UI-TARS-1.5-7B: a vision AI agent that reached SOTA in GUI grounding

ByteDance’s Seed team released UI-TARS-1.5, and it is interesting. It is a vision-language model for GUI agents, and its ability to identify UI elements from screenshots is far ahead of OpenAI CUA and Claude 3.7.

Even the lightweight 7B model reaches 49.6% on ScreenSpotPro. That is roughly twice the score of OpenAI CUA at 23.4% and Claude 3.7 at 27.7%. A desktop app is also available, so it can run locally.

where it sits

There are two broad approaches to GUI agents:

approach	how it works	examples
accessibility tree	pull element information from the DOM or OS APIs	Playwright MCP, agent-browser
vision AI	look at screenshots and decide	Skyvern, UI-TARS

UI-TARS is a model specialized for the vision-AI approach. Instead of taking a general-purpose VLM and hoping it works on GUI tasks, it is designed and trained for GUI operation from the start.

architecture

It is based on Qwen2.5-VL and then trained for GUI-agent tasks.

item	value
base model	Qwen2.5-VL
parameters	7B lightweight / 72B largest
training	reinforcement learning + inference-time scaling

inference-time scaling

The model increases accuracy on complex tasks by spending more compute at inference time. That is the same general direction many modern agent systems are moving toward.

benchmarks

GUI grounding (ScreenSpotPro)

This benchmark measures how precisely a model can point at the right UI element on screen.

model	score
UI-TARS-1.5-7B	49.6%
Claude 3.7	27.7%
OpenAI CUA	23.4%

For a 7B model, that is a huge gap. The specialized training clearly pays off.

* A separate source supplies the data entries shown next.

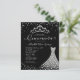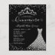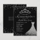 Modern Glam Black Silver Diamond Tiara Prinzessin Gown Dress Glitzer Confetti Sparkle 15. Geburtstag Quinceanera Einladung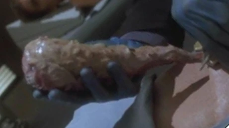 Precisely how to show the Dax symbiont (such as in "Invasive Procedures") was a concern for the production staff. "We didn't want it to look cheesy. It was always a problem showing it," explained David Livingston. "It's that whole idea of Alien; you don't really want to see too much because the audience is either going to be repulsed by it or say it's too hokey." (Captains' Logs Supplemental - The Unauthorized Guide to the New Trek Voyages, p. 63)
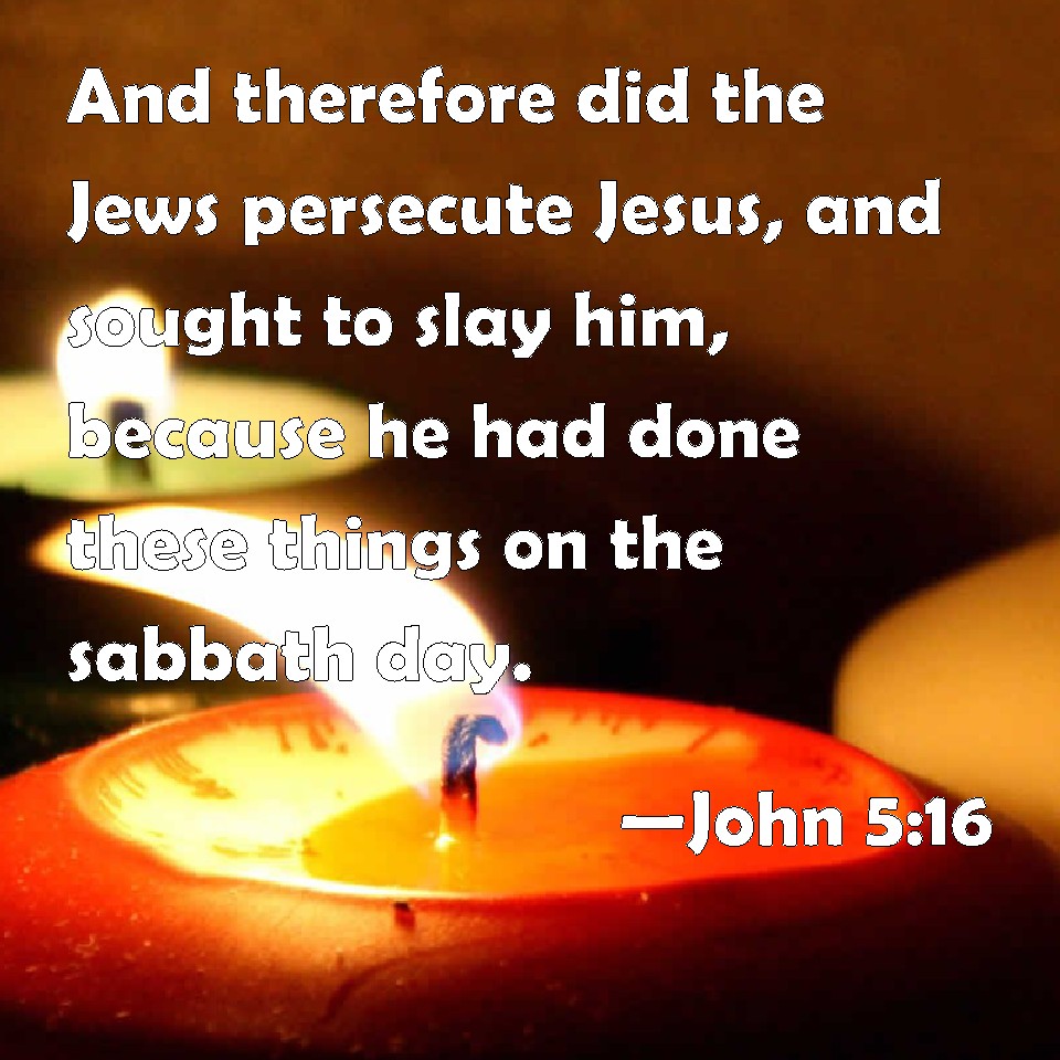 Choose a Background John 5:16 And therefore did the Jews persecute Jesus, and sought to slay him, because he had done these things on the sabbath day. KJV: And therefore did the Jews persecute Jesus, and sought to slay him, because he had done these things on the sabbath day. DRB: Therefore did the Jews persecute Jesus, because he did these things on the sabbath. DBT: And for this the Jews persecuted Jesus and sought to kill him, because he had done these things on sabbath. ERV: And for this cause did the Jews persecute Jesus, because he did these things on the sabbath. WBT: And therefore the Jews persecuted Jesus, and sought to slay him, because he had done these things on the sabbath. WEB: For this cause the Jews persecuted Jesus, and sought to kill him, because he did these things on the Sabbath. YLT: and because of this were the Jews persecuting Jesus, and seeking to kill him, because these things he was doing on a sabbath.Links John 5:16 NIV • John 5:16 NLT • John 5:16 ESV • John 5:16 NASB • John 5:16 KJV • John 5:16 Interlinear • John 5:16 Commentaries • John 5:16 Parallel Texts • John 5:16 Bible Apps • John 5:16 Parallel • Bible Hub |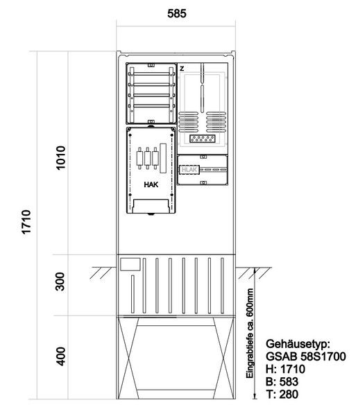 | Kurzbeschreibung | Zähleranschlusssäule Energienetz Mitte (1Zähler ohne TSG) mit Ausbaumöglichkeit |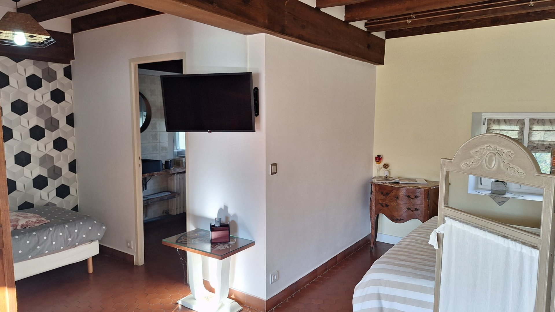 Vous disposerez d'un gîte de 38 m² en rez-de-chaussée d'une vielle grange rénovée que nous habitons. Vous serez néanmoins indépendants.
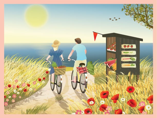 En cykeltur mod vandet, der leder dig forbi marker med valmuer og en hyggelig lille vejbod. Du kan nærmest mærke solens stråler i ansigtet og den milde brise, når du kigger på motivet her. Jo mere du dykker ned i billedet, jo flere fine detaljer finder du.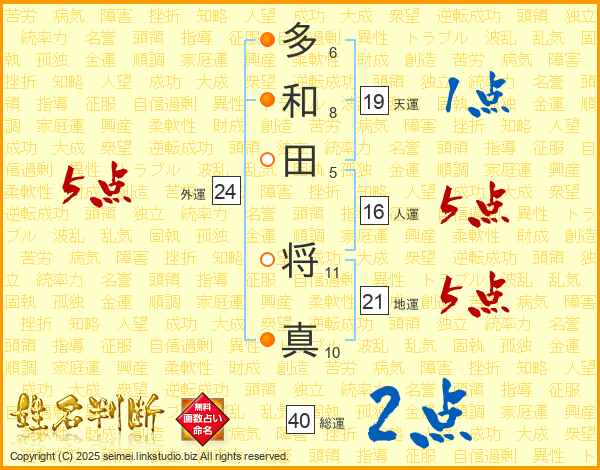 あなたの人生を表す1番重要な運勢です。生涯を通じて影響する総合運となり、主に50歳以降の晩年期に影響を及ぼします。苗字と名前の合計画数。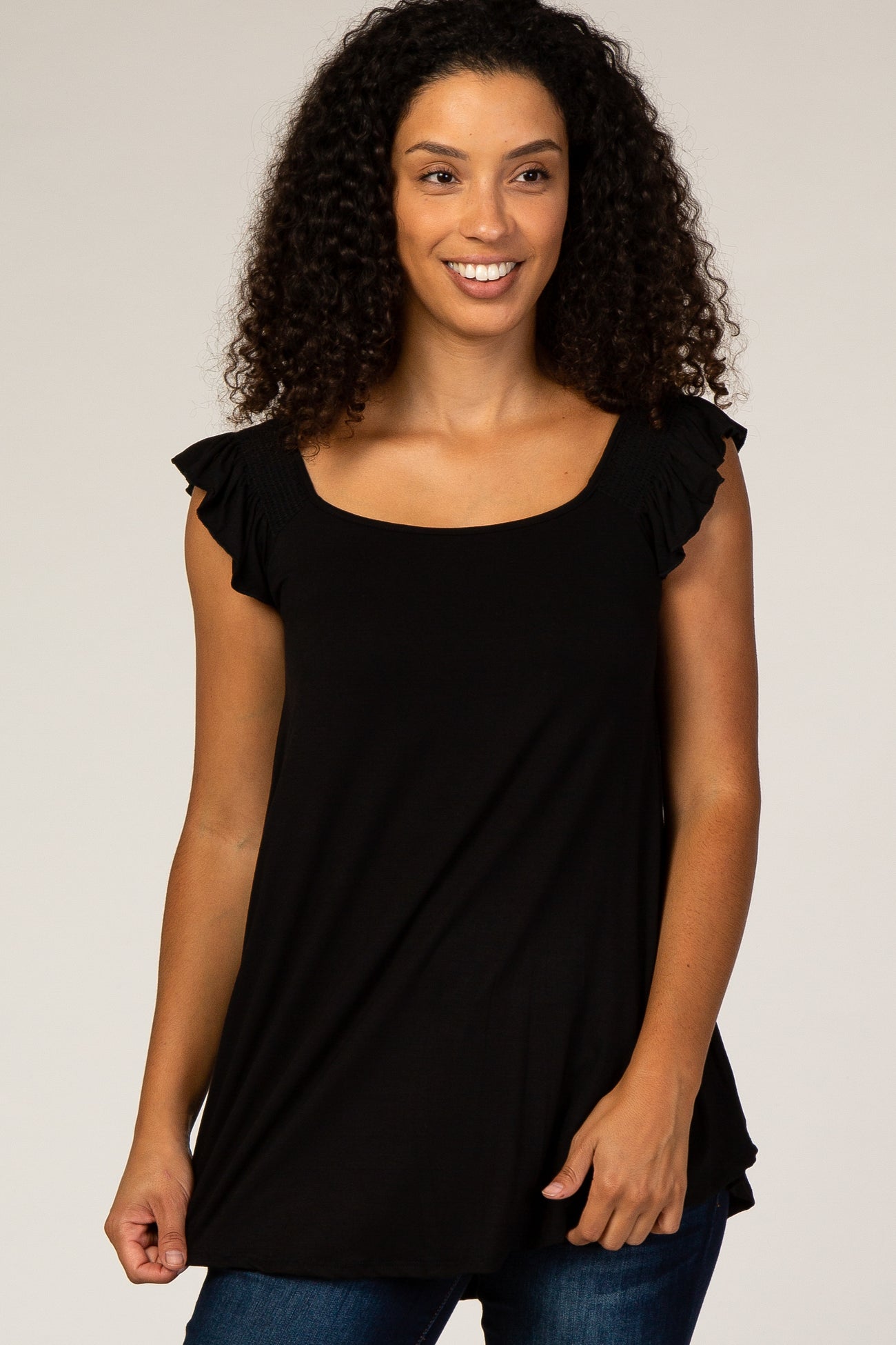 Black Flutter Sleeve Maternity Top

The largest UI-TARS-1.5 model reaches 61.6%.

computer operation (OSWorld)

This measures whether a model can actually complete tasks on a real OS.

model	score (100 steps)
UI-TARS-1.5 largest	42.5%
OpenAI CUA	36.4%
Claude 3.7	28.0%
UI-TARS-1.5-7B	27.5%

The 7B model does not beat the biggest model or OpenAI CUA here, but it is in the same ballpark as Claude 3.7.

games

It achieved a 100% success rate on 14 Poki browser games. It also scored an average of 0.42 on Minecraft tasks when using the thinking process.

other benchmarks

benchmark	score
Windows Agent Arena	42.1%
Online-Mind2web	75.8%
Android World	64.2%

how to use it

python package

pip install ui-tars

prompt templates

There are three templates for different use cases:

template	use case	actions
COMPUTER_USE	desktop, including Windows, Linux, and macOS	click, drag, keyboard, scroll
MOBILE_USE	Android mobile	long_press, open_app, press_home, press_back
GROUNDING	element identification only	coordinate output

code example

from ui_tars.action_parser import parse_action_to_structure_output

response = "Thought: click the button\nAction: click(start_box='(100,200)')"
parsed_dict = parse_action_to_structure_output(
    response,
    factor=1000,
    origin_resized_height=1080,
    origin_resized_width=1920,
    model_type="qwen25vl"
)

The model outputs absolute coordinates, so you need to convert them to the actual screen size.

desktop app

UI-TARS-desktop is also available as a GUI application.

features:

GUI operation in natural language
screenshot recognition and visual feedback
works on Windows, macOS, and browsers
local execution for privacy

Development is still active, with more than 1,100 commits.

caveats

coordinate handling is required because the model outputs absolute coordinates
the 7B model is weaker on complex tasks
vision AI still has limits on dynamic UIs and states that cannot be understood from screenshots alone

my take

It is clearly strong as a GUI-grounding model. The evidence suggests that a dedicated model works better than forcing a general VLM onto GUI tasks.

But real agent tasks need more than accurate pointing. They also need judgment about what to do. OSWorld shows that the 7B model is still not finished for complex tasks.

In the context of the E2E testing tools I looked at before, it would be interesting to plug UI-TARS into a Vision AI tool like Skyvern. As a fallback when accessibility trees are not available, a high-accuracy GUI-grounding model has real value.